A fairy tale readers will not want to have end

Though Michael Ende intended for his book to be a children’s novel, The Neverending Story is far from being a story just for children to enjoy. If anything, older readers may find even more enjoyment in Ende’s fairy tale than children for Ende’s words speak truth that everyone should live by throughout their entire lives: that everyone’s life is a never-ending story.

A young awkward boy named Bastian Balthazar Bux loves to escape into the fantasy world of books to avoid the bullying of the real world. After stealing a book from an old bookkeeper, he realizes there is more to the book than first imagined. The Neverending Story tells the tale of a morbidly amazing adventure that Bastian soon finds he is actually a character of. The not-so imaginary world of Fantastica within the story is in danger and it is up to Bastian to save it. Can Bastian overcome his doubts and become the hero he never dreamed he could be?

Ende grabs the reader’s attention from page one with a backwards phrase. Before a reader even begins reading the story, he or she is trying to discover what the backwards line says, usually taking the book to a mirror rather than continuing to read the first full paragraph (where it states what the line says). This short introduction is both fun and intriguing for the reader and makes the reader want to read more. Shortly after, readers both young and old are introduced to a very realistic character: an awkward ten year old boy who is bullied for being shy and overweight. His only escape from the cruel gibes of his peers is in books, a common trait for those who have been the victim of bullying. For younger readers, Bastian could be a character many relate to while for older readers, Bastian could be a character they once were in grade school. The reality of this character is gripping, for instead of a character the readers wish they could be, they are introduced to a character that they may already be or were in the past.
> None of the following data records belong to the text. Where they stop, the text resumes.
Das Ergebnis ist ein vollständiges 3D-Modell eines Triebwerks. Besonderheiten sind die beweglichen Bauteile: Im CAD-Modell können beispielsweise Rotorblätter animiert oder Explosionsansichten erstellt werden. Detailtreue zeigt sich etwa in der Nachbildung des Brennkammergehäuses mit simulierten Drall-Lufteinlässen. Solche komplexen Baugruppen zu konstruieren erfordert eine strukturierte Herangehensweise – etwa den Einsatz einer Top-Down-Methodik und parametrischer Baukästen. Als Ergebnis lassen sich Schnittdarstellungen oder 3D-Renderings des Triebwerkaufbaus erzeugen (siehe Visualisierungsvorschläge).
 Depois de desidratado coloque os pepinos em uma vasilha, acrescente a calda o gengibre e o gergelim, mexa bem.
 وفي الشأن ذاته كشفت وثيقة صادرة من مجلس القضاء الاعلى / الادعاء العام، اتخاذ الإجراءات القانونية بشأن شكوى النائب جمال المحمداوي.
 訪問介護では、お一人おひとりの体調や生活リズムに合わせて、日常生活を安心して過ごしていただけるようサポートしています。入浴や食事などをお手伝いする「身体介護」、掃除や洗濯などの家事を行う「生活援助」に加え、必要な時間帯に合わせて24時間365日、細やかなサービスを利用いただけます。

On the more unrealistic side, the other characters Ende introduces to the reader are wonderfully creative. Mythological creatures readers have grown up with like unicorns, dragons, and sphinxes are all creatures who dwell in Fantastica; however, Ende created even more creatures to reside in this fantasy land that are beyond anyone’s imagination. Giant rock people who eat rocks and ride equally large stone bicycles. Small dwarf-like creatures that live underground and cry every day because they are so hideous. An oracle that no one ever sees because she is sound and who only ever speaks in rhyme. These are but a mere handful of the many creatures Ende created for his story. Another fun fact about these creatures is whenever Atreyu or Bastian meet these creatures, Ende will go on a side story about the creature, but will always end the story with, “but that is a story for another time.” This line is repeated dozens of times throughout the book’s entirety and it is perhaps one of the greatest lines within the book. The reader never hears these stories and this brilliance on Ende’s part really shows how everything and everyone has a story to tell.
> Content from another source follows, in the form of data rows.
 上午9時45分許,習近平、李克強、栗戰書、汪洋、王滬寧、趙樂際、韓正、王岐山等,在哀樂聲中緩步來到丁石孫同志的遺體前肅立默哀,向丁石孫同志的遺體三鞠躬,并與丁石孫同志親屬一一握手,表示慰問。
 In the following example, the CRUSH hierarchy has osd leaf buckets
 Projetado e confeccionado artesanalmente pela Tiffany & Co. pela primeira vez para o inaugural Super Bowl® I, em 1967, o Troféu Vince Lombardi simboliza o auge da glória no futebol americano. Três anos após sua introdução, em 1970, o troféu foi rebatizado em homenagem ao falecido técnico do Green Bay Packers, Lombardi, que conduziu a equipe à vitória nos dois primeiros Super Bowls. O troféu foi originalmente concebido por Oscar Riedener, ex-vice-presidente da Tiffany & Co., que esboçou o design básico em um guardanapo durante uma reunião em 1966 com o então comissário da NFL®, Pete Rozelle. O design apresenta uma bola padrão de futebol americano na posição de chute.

Though this is considered a children’s fairy tale, it is also the perfect example of a “Hero’s Journey” story. The hero’s journey is a set of steps that any hero from any piece of literature, film, etc. endures from before he or she ever becomes a hero to after the final battle. The Neverending Story actually has two heroes: Bastian Balthazar Bux and Atreyu. Atreyu is the young hero of The Neverending Story Bastian is reading and is sent on a journey to find the one who will save Fantastica and Bastian is the young hero chosen from the real world to save Fantastica. Both go on equally grueling journeys, but they aid each other to the end. Before Bastian arrives in Fantastica, he is inspired by Atreyu’s courage when he is feeling low, “’Atreyu wouldn’t give up just because things were getting a little rough. What I’ve started I must finish. I’ve gone too far to turn back. Regardless of what may happen, I have to go forward.’ He felt very lonely, yet there was a kind of pride in his loneliness. He was proud of standing firm in the face of temptation” (Ende 72-73).

The Neverending Story is a rare story readers will not want to reach the ending of. Ende’s creations envelope the readers in a fantastical embrace that they will not want to be released from. Not only is Ende’s story one to be enjoyed, it is one to teach and learn from. The world has many terrible things that plague and haunt people every day: temptation, doubt, lies, fear, pride, longing to be someone other than oneself. These traits along with many others can cause people to lose sight of the good in the world. On Atreyu’s journey to find Bastian, he stumbles across a werewolf that tells him, “’When it comes to controlling human beings there is no better instrument than lies. Because, you see, humans live by beliefs. And beliefs can be manipulated. The power to manipulate beliefs is the only thing that counts’” (Ende 152). But if one can fight manipulation, one will gain the courage and hope it takes to see the good in life and to live the life one is meant to live, to carry on with one’s own never-ending story. Bastian meets a woman towards the end of his adventure named Dame Eyola and she gives him one of the best pieces of advice anyone, young or old, can take away from any book, “’Nothing is lost,’ she said. ‘Everything is transformed’” (Ende 410). If there is a problem, find a solution. If something has been lost, find it. If one wishes to change, change. To live is to change and The Neverending Story may just change how readers view their own lives.